Different sounds make different vibration patterns. A bass note makes slow, wide waves. A cymbal crash makes fast, tight ones. A human voice makes a complicated mixture of both, constantly changing shape. The pattern of the vibration is what makes a piano sound different from a trumpet, even when they play the same note.
Here’s the key insight: all sound is just a pattern of pressure changes over time. And patterns are something computers are extremely good at recognizing.
Step 2: Turning Air Into Numbers
Your phone’s microphone is a small diaphragm that moves when air pressure hits it. An electrical circuit measures how far the diaphragm moves, and a chip converts that measurement into a number. It does this thousands of times per second.

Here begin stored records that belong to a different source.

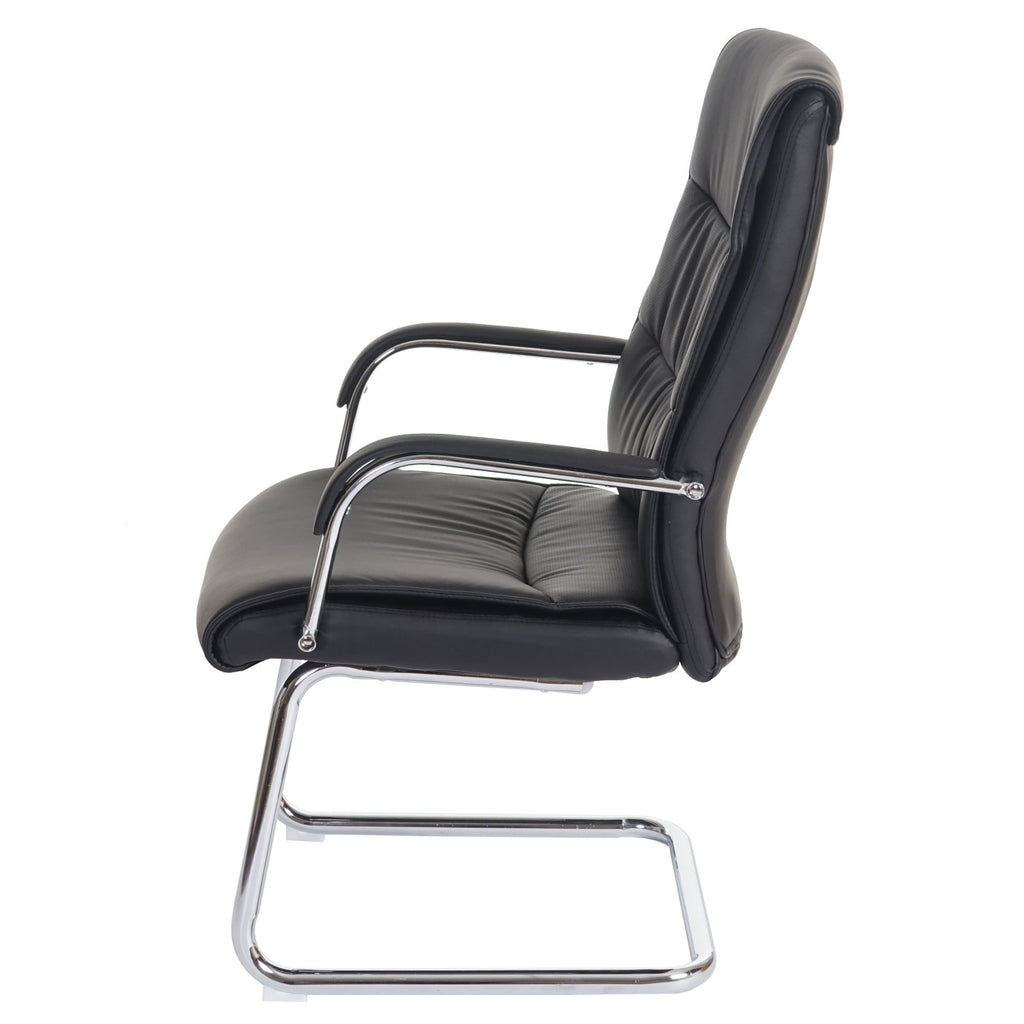 Fauteuil de bureau sans roulettes chaise de conférence avec accoudoirs en PVC noir 04_0001927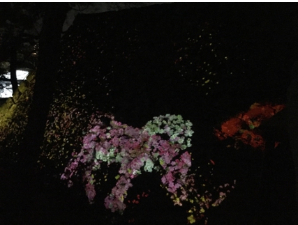 この卵型の光だけでなく、他にも石垣を背景に花柄の動物や、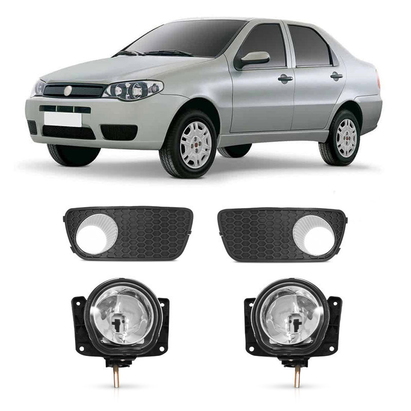 Kit Siena G3 2004 2005 2006 2007 2008 2009 2010 Par Grade do Milha C/Furo + Par Farol de Milha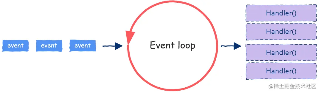 以上就是事件驱动编程的全部内容,是不是很简单!从上面的讨论可以看到,我们需要不断的接收event然后处理event,因此我们需要一个循环(用while或者for循环都可以),这个循环被称为Event loop。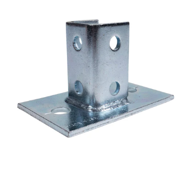Rectangular Strut Post Base, 8 Hole, For Unistrut Channel, 6" x 4" x 3-1/2" Leg, Electro Galvanized Steel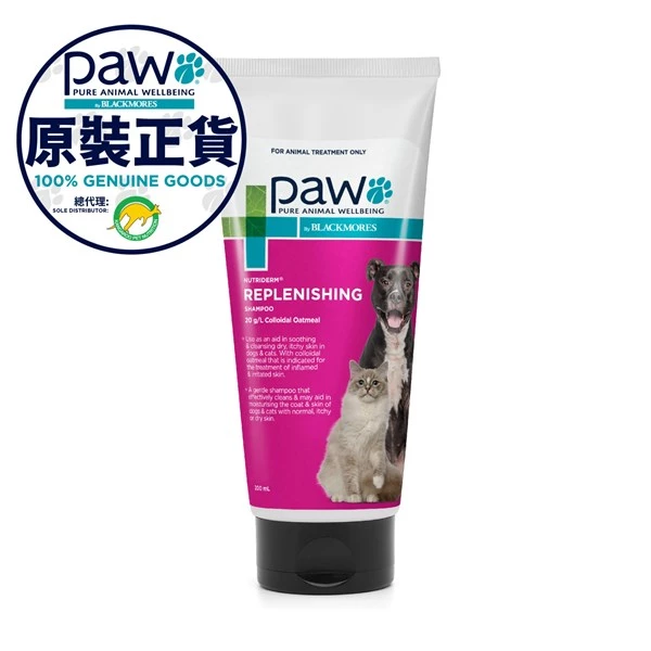 PAW NutriDerm Replenishing Shampoo is an innovative, advanced way to wash and care for your pet’s skin. A sulphate free, moisture rich, oatmeal pet shampoo it is suitable for dogs and cats with normal, dry and itchy skin.
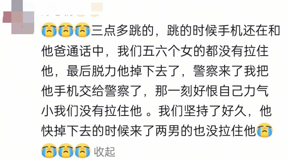 目击者发声,据说当时小伙子还跟父亲通电话,周围五六个人的一起拉他,但是他拼死挣脱,最终他手机给了路人,选择跳下去。

The standard rate is 44,100 times per second — that’s what CD-quality audio uses. Each measurement is called a sample. A one-second clip of CD-quality audio is 44,100 numbers in a row. A three-minute song is about 7.9 million numbers.
That’s all a digital audio file is: a very long list of numbers that describe how air pressure changed over time. A WAV file is essentially a spreadsheet with millions of rows and one column.
If you’ve ever zoomed way in on a waveform in GarageBand, Audacity, or any audio editor, you’ve seen these numbers plotted out — that jagged line going up and down is the computer’s version of what your ear hears. Zoom in far enough and you can see the individual samples as dots.
Step 3: The Spectrogram — Sound You Can See
Here’s where it gets interesting. Computers could try to classify audio by looking at that raw list of numbers, but it would be like trying to identify a painting by reading the RGB value of every pixel, one at a time, left to right. You’d have all the information, but none of the structure.
What we need is a way to see which frequencies are present at each moment in time. That’s what a spectrogram is.
Imagine taking your audio recording and slicing it into tiny windows — maybe 25 milliseconds each, overlapping slightly. For each window, you ask: “What frequencies are present right now, and how loud is each one?” You line up all those answers next to each other, and you get a spectrogram.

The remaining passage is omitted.